Study of North Carolina Pre-K and Child Care Explores Community Effects, Finds Improved Reading and Math Scores

Recently published research on the community-level effects of pre-K (More at Four) and child care (Smart Start) in North Carolina finds that both programs led to increases in reading and math scores in third grade.

  • North Carolina third graders had higher reading and math scores in counties that had received more funding for Smart Start and More at Four when the children were younger.
  • The estimated effects of Smart Start and More at Four investments were equal to test score gains of about four months of third grade reading instruction and two months of math instruction.  Notably, these results are for all children in the community, not just children who participated in either early childhood program.
  • While the authors did not do a full benefit-cost analysis, they note that the benefits in math and reading gains outweighed the program costs.  The expected savings from reduced instructional costs for children whose community received Smart Start or More at Four funding was at least equal to the cost of those programs.

Community-level effects – the concept of spillover:  One really interesting aspect of this study was that the researchers assessed the outcomes of children at the county level, including children who participated in the preschool or the child care initiative as well as children who did not.  The authors note that this approach allows them to measure the potential spillover effects of the program; that is, children living in the county but not participating in the program may also be affected indirectly, by other students’ participation in the program.  In theory, spillover could be positive or negative.  Positive spillover effects could occur in the elementary school classroom, for example, with a larger proportion of classmates arriving at elementary school ready to learn, enhancing the learning environment in that classroom.

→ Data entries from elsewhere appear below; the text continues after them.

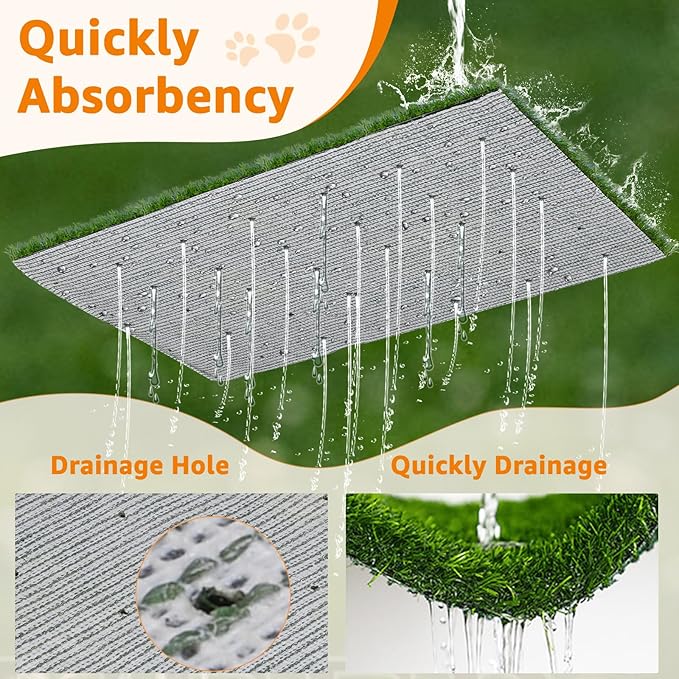 - 【QUICKLY ABSORBENCY】Dog litter box with a specially designed backing allowing for complete drainage, you will have no need to worry about your dog running over your new rug in the living room with their muddy paws from potty training. Large artificial grass for dogs potty gets your dog used to the feel of real grass while potty training, to meet your pet’s needs.
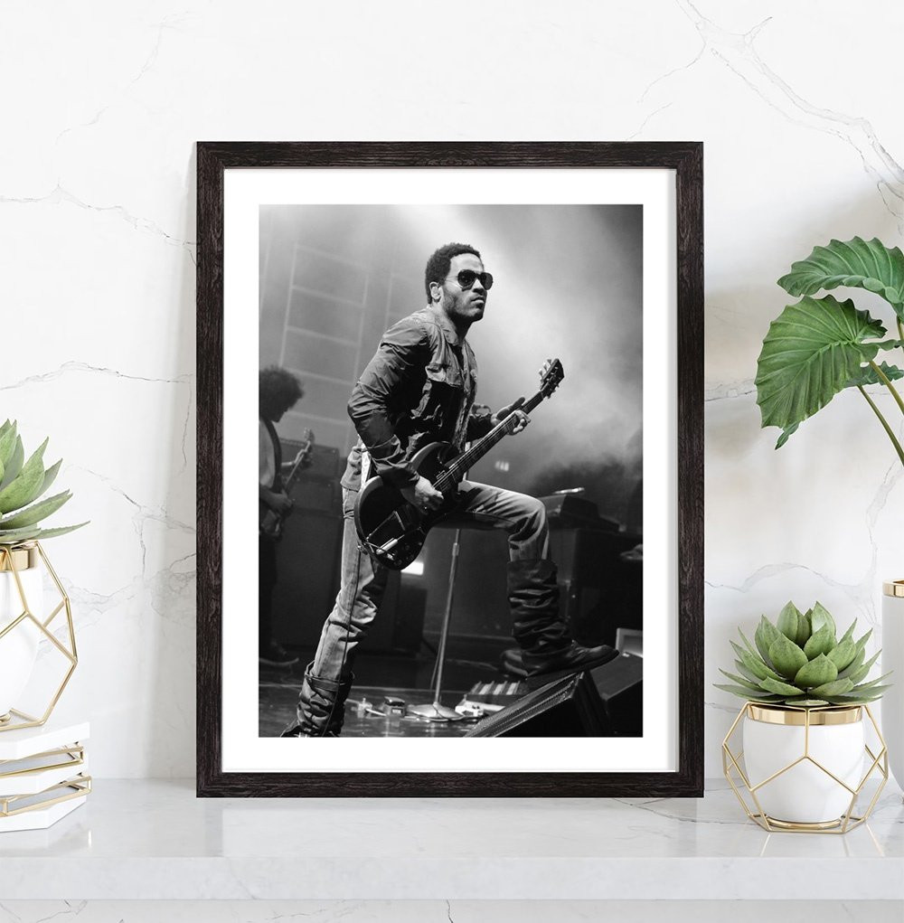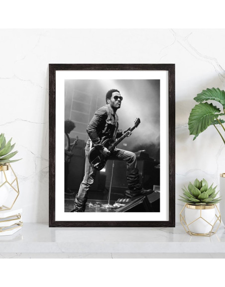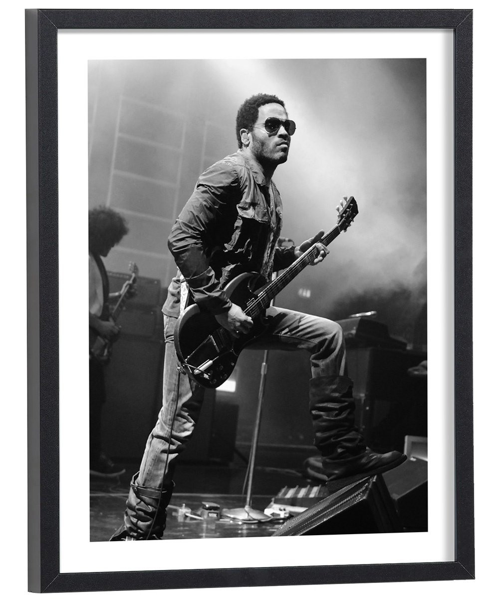 Tableau décoration vintage de Lenny Kravitz à la guitare lors d'un concert.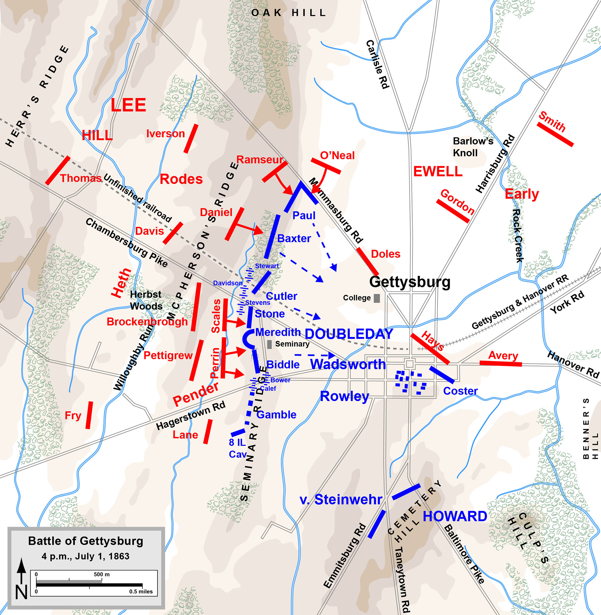 Howard’s three divisions arrived during the noon-time lull in the fighting. He positioned the First and Third Divisions north of Gettysburg, with the left flank just a few hundred yards from Baxter’s 2nd Brigade. By the time the fighting began again around 1 PM, the Union line extended east to near the Heidlersburg Road (now the Harrisburg Road). Howard held back the Second Division and placed it on the high ground south of the town at Cemetery Hill. Combined with I Corps to the west, the Union battle line formed a hook around the western, northwestern, and northern perimeter of Gettysburg.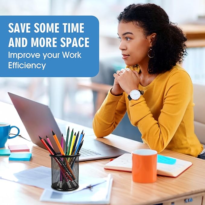 - CAREFULLY DESIGNED : This classic, elegant, and meticulously designed black wire mesh pencil cups / desk organizer keeps your desk looking sleek and sophisticated.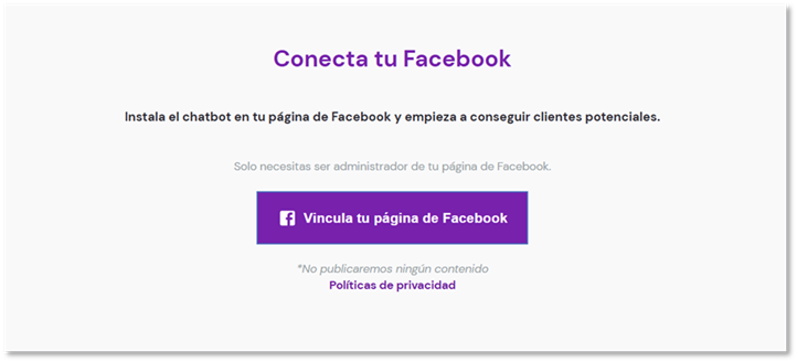 Haz clic en el botón Vincula tu página de Facebook para iniciar el proceso de integración.

More study details:  The article by Duke University researchers Helen Ladd, Clara Muschkin, and Kenneth Dodge and published in the Winter 2014 issue of the Journal of Policy Analysis and Management, examined the effects of two North Carolina early education initiatives:  Smart Start, the comprehensive child care and community services initiative, and More at Four, the state-funded preschool initiative.  The study used county-level program spending data matched with children’s birth records for children born between 1988 and 2000 and their third grade test scores to look at changes in test scores that took place after the introduction of More At Four and Smart Start in those counties.  The differences in when counties invested in these initiatives across the state allowed the researchers to assess the impact of More At Four and Smart Start on children’s math and reading performance.  To address other potential differences over time in counties which could also affect children’s math and reading scores, the researchers included statistical controls for related variables, a common and appropriate technique.

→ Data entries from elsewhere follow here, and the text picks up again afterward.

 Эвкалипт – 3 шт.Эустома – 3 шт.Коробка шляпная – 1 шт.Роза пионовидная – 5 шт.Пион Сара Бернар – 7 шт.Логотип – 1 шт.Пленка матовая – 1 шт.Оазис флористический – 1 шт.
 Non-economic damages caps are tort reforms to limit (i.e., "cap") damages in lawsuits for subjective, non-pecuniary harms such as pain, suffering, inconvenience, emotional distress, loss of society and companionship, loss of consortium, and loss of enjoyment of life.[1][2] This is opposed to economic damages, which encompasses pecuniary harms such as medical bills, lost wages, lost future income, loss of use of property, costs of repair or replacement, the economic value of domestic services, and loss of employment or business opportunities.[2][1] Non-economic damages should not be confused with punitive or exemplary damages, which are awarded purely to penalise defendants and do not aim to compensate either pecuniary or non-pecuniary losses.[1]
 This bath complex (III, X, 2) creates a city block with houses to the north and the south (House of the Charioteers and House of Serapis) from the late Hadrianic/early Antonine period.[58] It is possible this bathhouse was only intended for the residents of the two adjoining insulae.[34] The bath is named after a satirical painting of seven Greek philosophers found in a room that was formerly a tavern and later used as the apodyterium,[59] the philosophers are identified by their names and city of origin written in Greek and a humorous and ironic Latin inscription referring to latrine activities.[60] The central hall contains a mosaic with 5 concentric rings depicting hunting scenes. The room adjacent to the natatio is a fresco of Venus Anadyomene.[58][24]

The numbers behind the basic benefit-cost results reported in the study were:  math and reading test score gains of two to four months translate into cost savings of $1,700 and $3,400 per child in the community (based on per-month costs out of a 10-month school year, which was $8,500 per child in North Carolina).  This was compared to program costs for More at Four and Smart Start of $1,100 per child in the community for each program.

Another benefit of measuring community-wide effects is that the authors were able to avoid a common potential problem in research studies that do not randomly assign people:  selection bias.  Selection bias is the potential bias that is created in a study based on how participants are chosen, such as when people self-select into the “treatment” being studied.  In this case, the treatment is preschool or child care, and the children whose parents sent them to public preschool may be different in meaningful ways (such as child health, family income, or parent education level, to name a few) than the children whose parents did not send them to preschool.  The differences observed between kids in preschool and those not in preschool may be due to preexisting differences between those groups of kids, rather than due to the experience of preschool itself.  Since this study examines outcomes for all children in the county, those participating and not participating in the preschool and child care initiatives studied, the researchers avoided this self-selection problem.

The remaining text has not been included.